OpenStudy (anonymous):

and it is unquestioned that Stonehenge was built for a place of worship. unquestioned is a bit of a stretch

OpenStudy (anonymous):

how does the rest of that sound

OpenStudy (anonymous):

missing a comma Stonehenge, located in Southern England standing 13’6” and weig... i wouldnt say "the purpose of the mysterious monument" as that is not really known maybe uniqueness the summer solstice isnt a religious practice, its a date, the day the sun happens to be in the sky the longest, i suggest you actually look this up, but it occurs once a year blah blah blah

OpenStudy (anonymous):

ok

OpenStudy (anonymous):

It depends on who you are talking to, though.
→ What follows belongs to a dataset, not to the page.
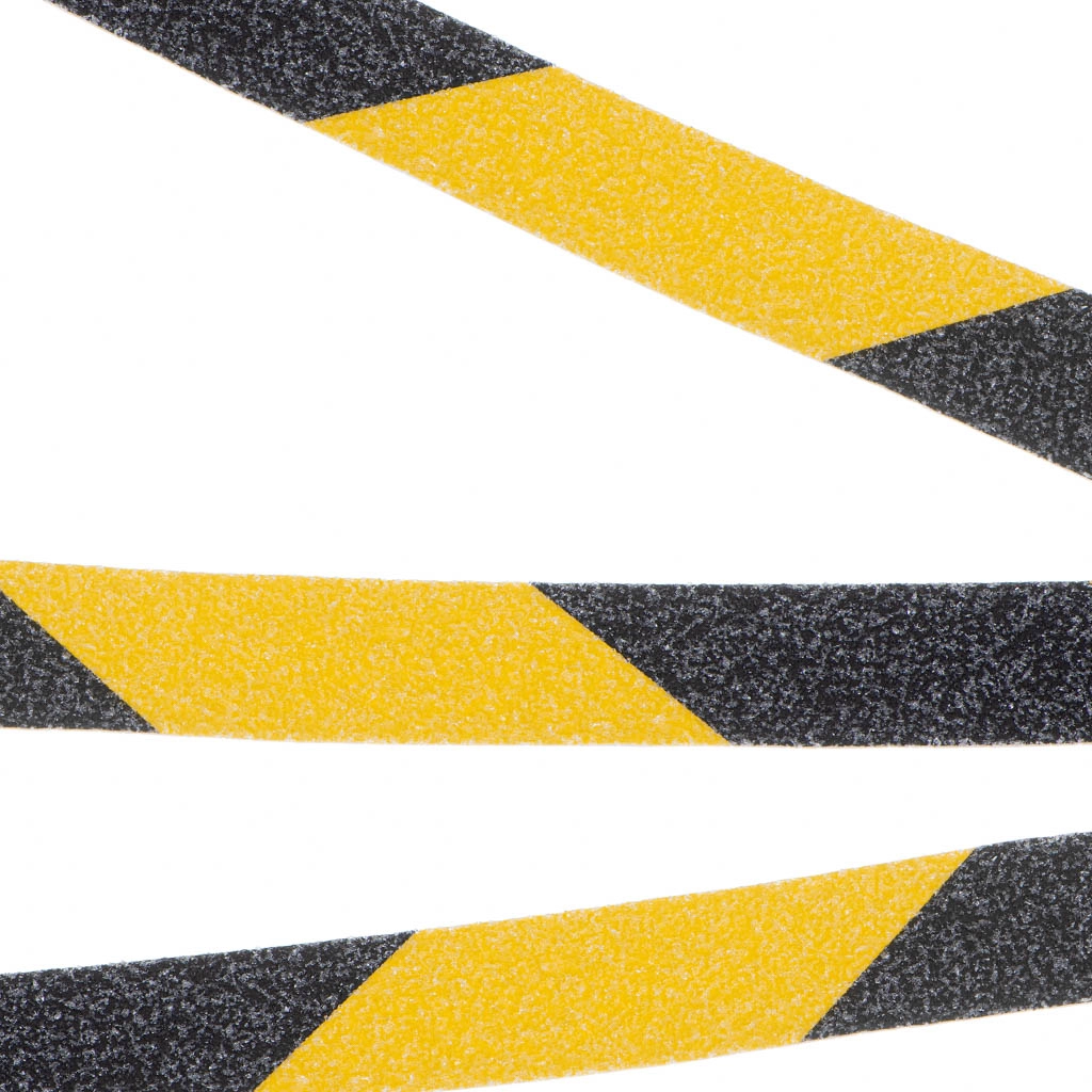 Kontrasterende sort–gule striber advarer om farezoner og øger samtidig friktionen for sikrere færden.

There are still people in today's world that celebrate the summer and winter solstices as a part of their own religious or spiritual traditions and gathering at Stonehenge to do so can be a natural part of that expression. So it's not entirely wrong. As for additional edits that may help: "The great age of Stonehenge and the purpose of the mysterious monument draws over 800,000 visitors each year." "Purpose" and "mysterious" seem at odds in that expression - you should just settle on one or the other, but since the purpose of Stonehenge is still being debated today, sticking with mysterious may work just as well. Thus: "....and the mystery surrounding the monument..." ...may be a better fit. Another sentence that can be tweaked is this one: "Several other thousand people gather on the Summer Solstice (religious practice) to watch the sunrise at the mysterious Stonehenge." ...can also be written as... "Thousands of people continue to gather during the Summer Solstice at Stonehenge to celebrate the event as part of their religious beliefs." "Several other thousand" simply sounds awkward in that sentence. "Thousands" can describe a large number of people by itself, though adding an adjective such as "several" won't hurt it, either. It's really up to the writer on deciding that for themselves. I agree that "unquestioned" is also a bit of a stretch. Even today, archaeologists are still debating on what the true purpose of Stonehenge is and why it was built.